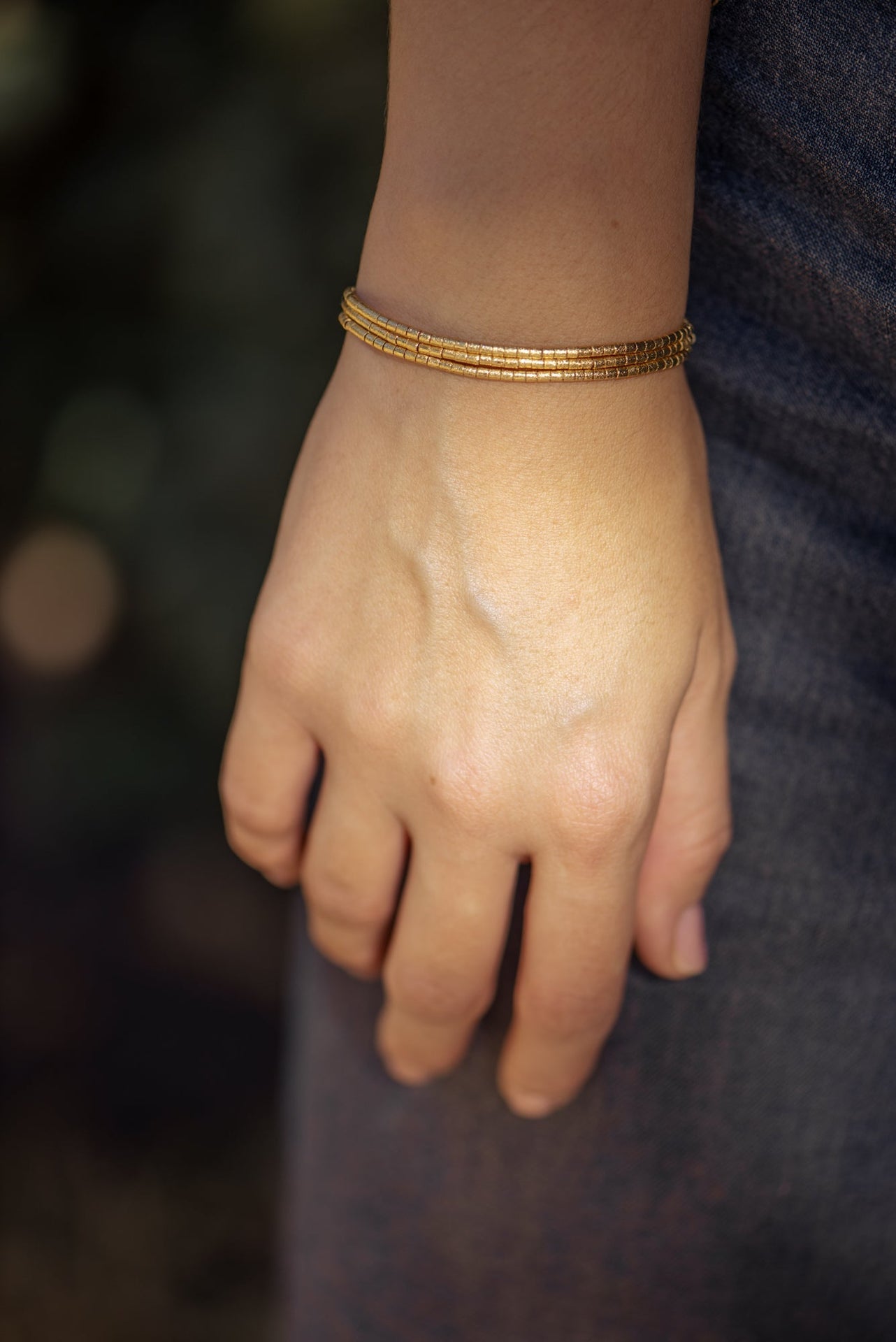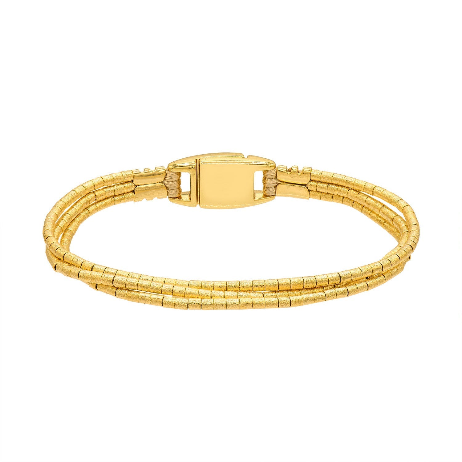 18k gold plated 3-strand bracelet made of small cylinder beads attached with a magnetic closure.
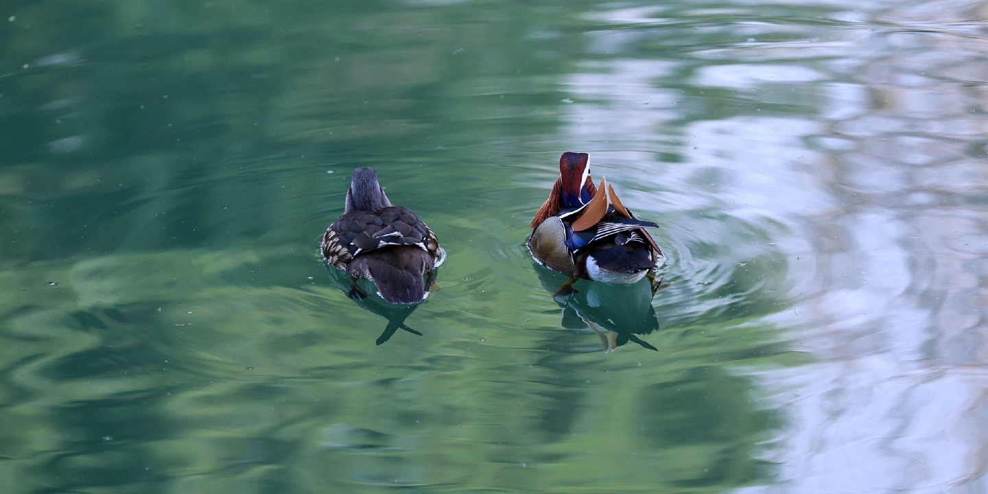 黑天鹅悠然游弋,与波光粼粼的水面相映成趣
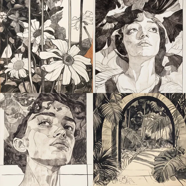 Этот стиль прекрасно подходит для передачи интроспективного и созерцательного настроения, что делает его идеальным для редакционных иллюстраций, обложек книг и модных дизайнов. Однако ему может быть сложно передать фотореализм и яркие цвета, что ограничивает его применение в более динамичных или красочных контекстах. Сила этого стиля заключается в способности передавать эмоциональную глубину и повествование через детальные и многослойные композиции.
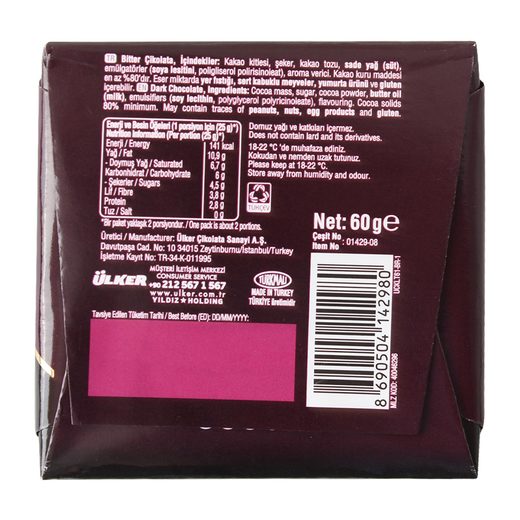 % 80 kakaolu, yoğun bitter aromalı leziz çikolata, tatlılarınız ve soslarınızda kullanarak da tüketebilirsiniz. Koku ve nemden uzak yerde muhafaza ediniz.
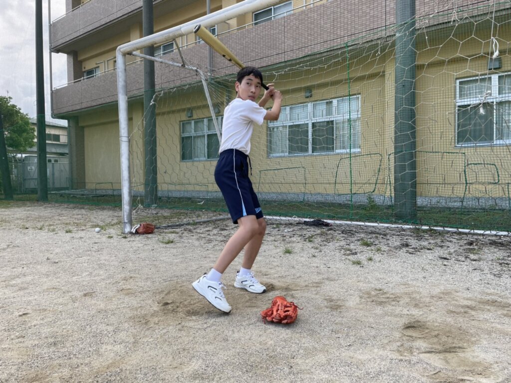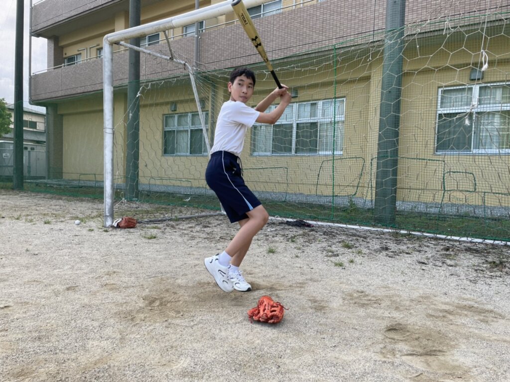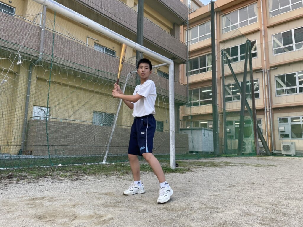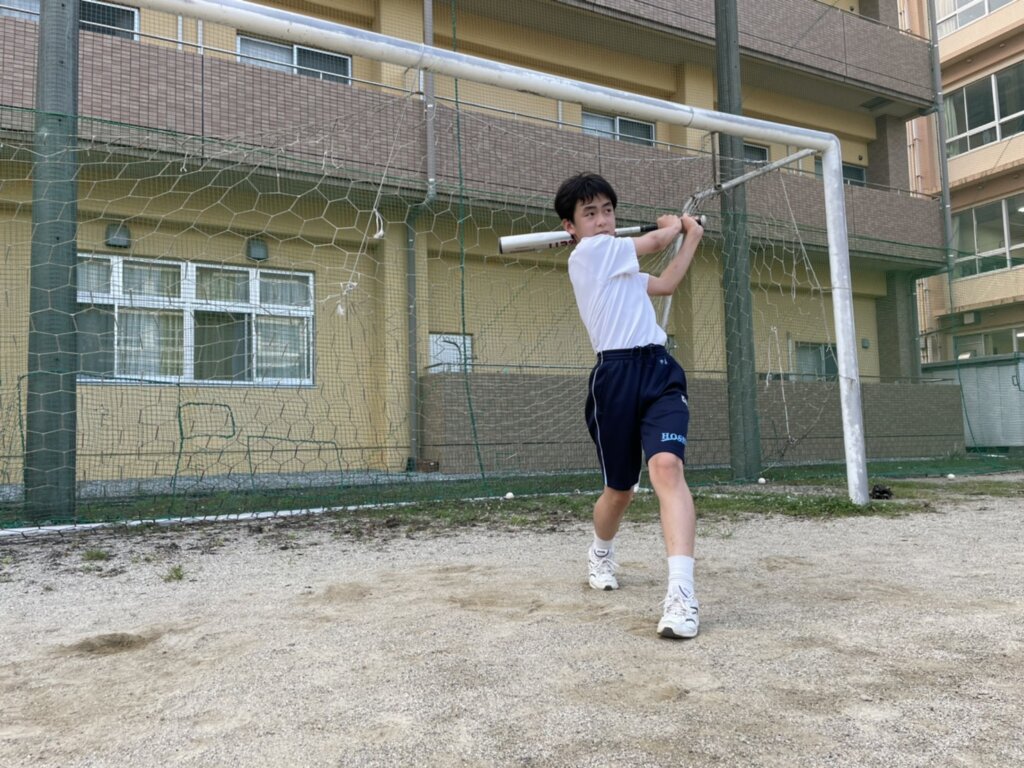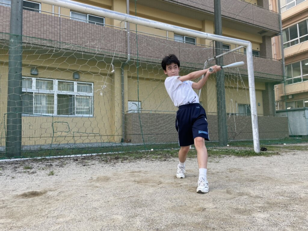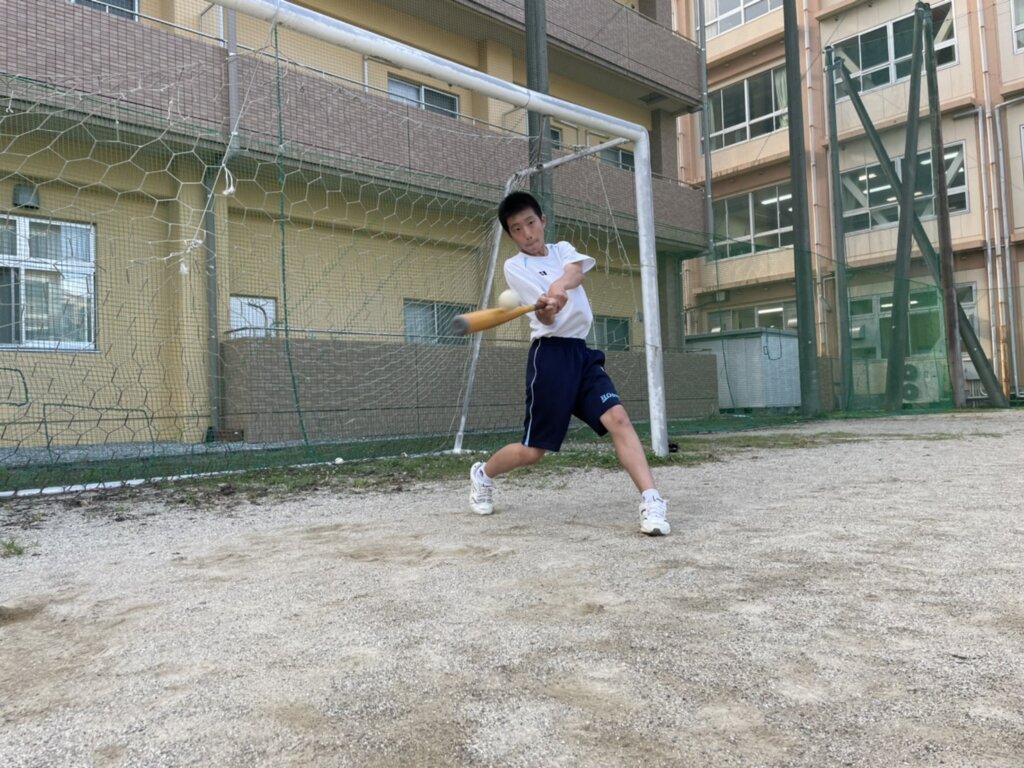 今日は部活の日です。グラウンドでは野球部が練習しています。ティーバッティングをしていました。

- _EXERCISE REQUIREMENTS_: Leave out the pictures and repeat everything else in the records exactly.

- _WRITTEN ANSWER_:
 18k gold plated 3-strand bracelet made of small cylinder beads attached with a magnetic closure.
 黑天鹅悠然游弋,与波光粼粼的水面相映成趣
 Этот стиль прекрасно подходит для передачи интроспективного и созерцательного настроения, что делает его идеальным для редакционных иллюстраций, обложек книг и модных дизайнов. Однако ему может быть сложно передать фотореализм и яркие цвета, что ограничивает его применение в более динамичных или красочных контекстах. Сила этого стиля заключается в способности передавать эмоциональную глубину и повествование через детальные и многослойные композиции.
 % 80 kakaolu, yoğun bitter aromalı leziz çikolata, tatlılarınız ve soslarınızda kullanarak da tüketebilirsiniz. Koku ve nemden uzak yerde muhafaza ediniz.
 今日は部活の日です。グラウンドでは野球部が練習しています。ティーバッティングをしていました。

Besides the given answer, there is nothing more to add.